By Christina VanGinkel
We stopped at my daughter and son-in-laws Friday evening to visit for a few minutes on our way back from being up town shopping. When we pulled into their drive, the house was all lit up and as we approached the door to knock, we could hear people inside. It sounded like a party was in the throes of happening, yet no extra vehicles were in the drive or on the street in front of their house other than our very own, which we had just parked there, and upon a second look, I realized that my son-in-law's mother had her vehicle parked along the side of the block.
As soon as we knocked, they hollered to come in. This alone was unusual, as my daughter always answers the door in person, never just hollering to come in. What we discovered was that nobody wanted to get up and answer the door because they were all in the throes of a heated conversation, over a game of Scrabble!
Scrabble has always been a favorite in our household, but I had not realized that my daughter took the habit of a frenzied game or two of it with her when she began her life as an adult. Word usage was being discussed, as was the fact on whether or not someone had oops, moved a letter when someone else was out of the room for a second. It was all in fun, laughter abounded, and it was almost a picture perfect moment for what happens in many homes when board games are included in a family's regular activities. Even my young grandson, too young to actually play along yet, had his own board with letters set up. They were all taking turns helping him make up words, and if one of his happened to not be a real word because he insisted on placing an X next to an O, because that was how he signed his cards he gave to everyone, who could argue with that!
I am constantly surprised at how often I hear the amazement in someone's voice when finding out that our family actually plays board games.
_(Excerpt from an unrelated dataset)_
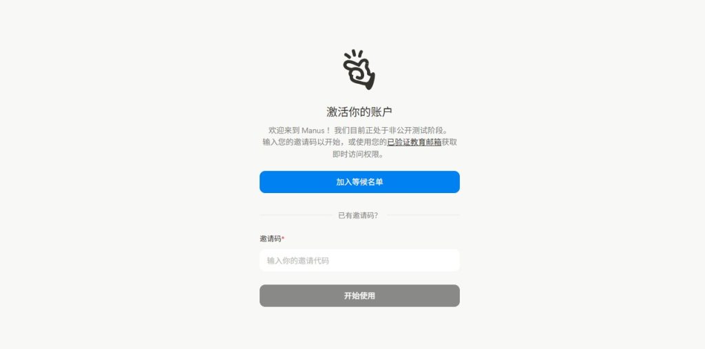 然后到这个页面有两种选择。如果此时您已经有邀请码了,在下边框框输入邀请码激活使用即可。如果当下没有邀请码,那么就需要加入等候名单了,如果您当前正在上大学,有学校的edu邮箱,那么可以用edu教育邮箱激活Manus校园版。Manus校园版的Manus有以下权益: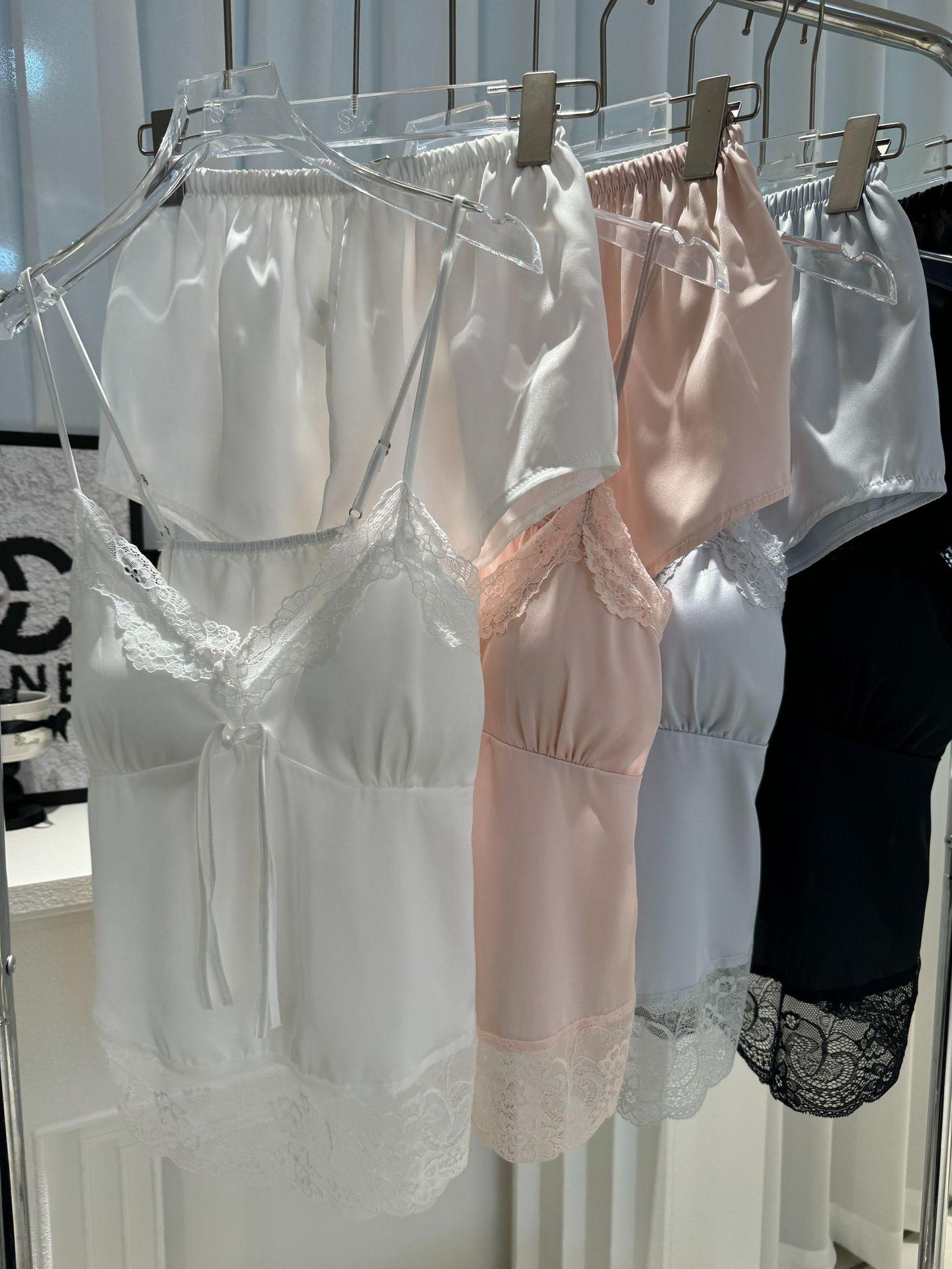 Compre Pijama de alça sexy feminino destacável de duas peças verão gelo e neve seda colete shorts roupas de casa com almofada no peito no atacado no Joom.pro

Scrabble, Sorry!, Trouble, UNO, Monopoly, Yahtzee, and many more are all favorites in our home. When I ask those same people if they never play any inside games together as a family I am often told, well yes, video games. We play those too, but board games are fun I always respond. Participants have to talk to each other, and if you have young kids, teaching them the rules of fair play is always good for family communication. There are just some aspects to sitting around a table or stretched out on the floor as a family to play a board game that just cannot be copied when you are parked in front of a television playing a video game.
Board games have many advantages actually. They let kids gain skills by allowing them the time to think a strategy or two through. If they lose a board game, it is not as easy to hit that reset button and start over as they do with a video game. This alone can teach them the art of losing with style, because not everyone wins every time. Even the best strategist will lose. When kids walk away from a video game, the camaraderie often ends there. When kids walk away from a board game where they just lost or won, they often continue to talk about the game with other family members, setting up a rematch if they lost, or talking about how well they won that last game. Board games help kids make decisions too, and let them see the consequences of an action they chose to make through a means that is not going to be detrimental to their well-being. A board game lets kids try and test actions and reactions.
Whether you are a parent of a toddler or a teen, pull out a board game and spend an hour or two not only having fun, but also providing your kids with the opportunity to interact with you beyond the normal realm of parenting. Because once the money is doled out in a game of Monopoly, everyone is equal until that last dollar is spent!